Thanks to my long-time friend Radha Stern who shared this quote with me after I posted “The Sorrows and Joys of Midlife Divorce.” When Oren and I first met in an airport nearly 33 years ago, we were two strangers picking up different people on the same plane. But we ended up “picking up” each other. We built a tiny home in San Francisco, and Oren became the head of design for my boutique hotel company. We had two dogs and a cat. We also had one of those early Macintosh computers at home, and our password was “Love and Change.”

Sadly, in midlife, we drifted apart after 11 years and went our separate ways, with Oren moving to Los Angeles and then back to Israel (where he grew up). We had both changed too much to appreciate each other anymore. Fast forward to a few years ago, where after having been in relationships with others for extended periods, we were now single again and marveling at how much we both loved Baja.

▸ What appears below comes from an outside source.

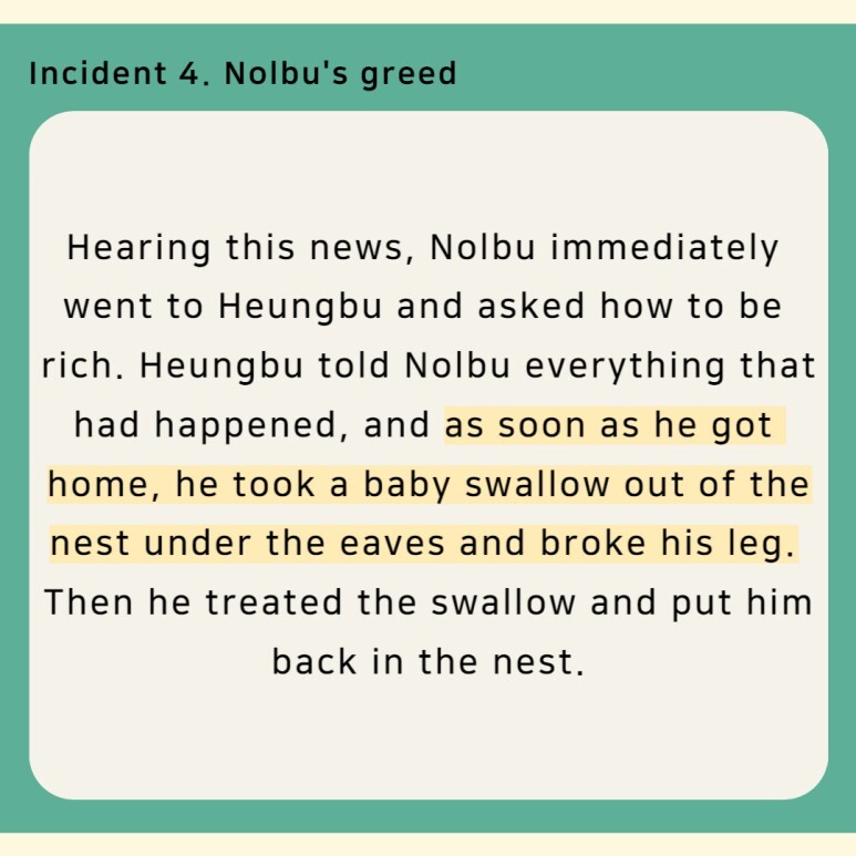 Hearing this news, Nolbu immediately went to Heungbu and asked how to be rich. Heungbu told Nolbu everything that had happened, and as soon as he got home, he took a baby swallow out of the nest under the eaves and broke his leg. Then he treated the swallow and put him back in the nest.

Oren asked me if I wanted to find someone to grow old with. I smiled and said I was looking for someone to grow young with. Without missing a beat, Oren said, “Maybe you’re just looking for someone to grow with?” Touché. That’s when I realized that for as much as we had grown apart, Oren and I were now growing together again.

I’d never heard of Heidi Priebe before Radha shared this quote with me. Still, I’ve found her writing to perfectly capture the psychology of relationships, especially for those of us in midlife and beyond. Life is liminal. We’re often in between two things. Love is liminal as well. Without change, love is stagnant and confining. And, let’s face it, over the course of a lifetime with a long-time partner, we’re constantly changing.

Who knows, maybe we’re just meant to be enlightened witnesses for each other in our relationships? And, in that kind of relationship reciprocity, perhaps our job is to give ourselves (and others) the space to “evolve.” Ironically, the first four letters of evolve— evol—is love spelled backwards.

Maybe letting those around us change and evolve is the most profound love we can give.